Zameer, who attended the parliamentary sitting on Tuesday morning, was questioned by South Feydhoo MP Ibrahim Didi regarding the country’s debt burden.
Zameer responded that the Maldives had a debt burden of MVR 124 billion when the incumbent administration took office in November last year. He said that half the debt was accumulated during the previous Maldivian Democratic Party (MDP) administration.
He said that Maldives could have gone bankrupt as warned as IMF had warned if the country had been forced settle its debt by the deadlines while ensuring the continuity of public services.

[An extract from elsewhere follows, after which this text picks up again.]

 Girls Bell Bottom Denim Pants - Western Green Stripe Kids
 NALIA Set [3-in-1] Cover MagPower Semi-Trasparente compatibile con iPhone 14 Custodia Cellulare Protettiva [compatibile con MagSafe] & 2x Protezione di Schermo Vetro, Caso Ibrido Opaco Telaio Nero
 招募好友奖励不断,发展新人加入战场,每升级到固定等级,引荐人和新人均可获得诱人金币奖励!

“But President [Dr. Mohamed Muizzu] has removed the Maldives from this scenario, boosted revenue streams, managed expenses, extended some of the debt repayment schedules, and has arranged everything by negotiating with bilateral partners,” he said.
Zameer said that IMF and credit rating agencies have stopped warning about the risk of Maldives doing bankrupt.

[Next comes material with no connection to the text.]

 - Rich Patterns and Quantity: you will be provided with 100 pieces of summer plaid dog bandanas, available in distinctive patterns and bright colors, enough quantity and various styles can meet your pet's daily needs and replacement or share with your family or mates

“Therefore, I would say that we are close to being saved from the scenario you mention. I don’t thing anyone is talking about it now. Lately, what the rating agencies have been saying is to cut costs. To cut costs. But talk regarding Maldives being on the path to bankruptcy or insolvency has stopped,” he said.
He credited this to President Muizzu’s “strong” policies.
Maldives’ high debt burden remains the most pressing concern facing the country.
Maldives has an external debt service obligation of about USD 600 million due in 2025, and more than USD 1 billion in 2026 – including a USD 500 million sukuk. Top rating agencies Moody’s and Fitch have both downgraded Maldives’ credit rating citing risk of default.
In its recent in its biannual update released in October, the World Bank said that despite Maldives’ economic growth, the increasing public debt and high fiscal spending, particularly for public sector investments and subsidies, remains worrying.
According to the World Bank, the Maldives' total public and publicly guaranteed debt stood at USD 8.2 billion, or equivalent to 116 percent of GDP, in the first quarter of this year. The Finance Ministry estimates it will rise to 118 percent of the GDP at the end of the year.
But despite the concerns, the Maldivian administration has provided assurance it will honor its debt obligations to creditors and investors. It has also implemented measures aimed at alleviating the situation, including reducing the number of political appointees, reforming the Aasandha public health insurance scheme and raising taxes.
The administration plans to roll out more fiscal reforms in 2025, including more Aasandha reforms, and reforms of subsidies, welfare schemes, and State-Owned Enterprises.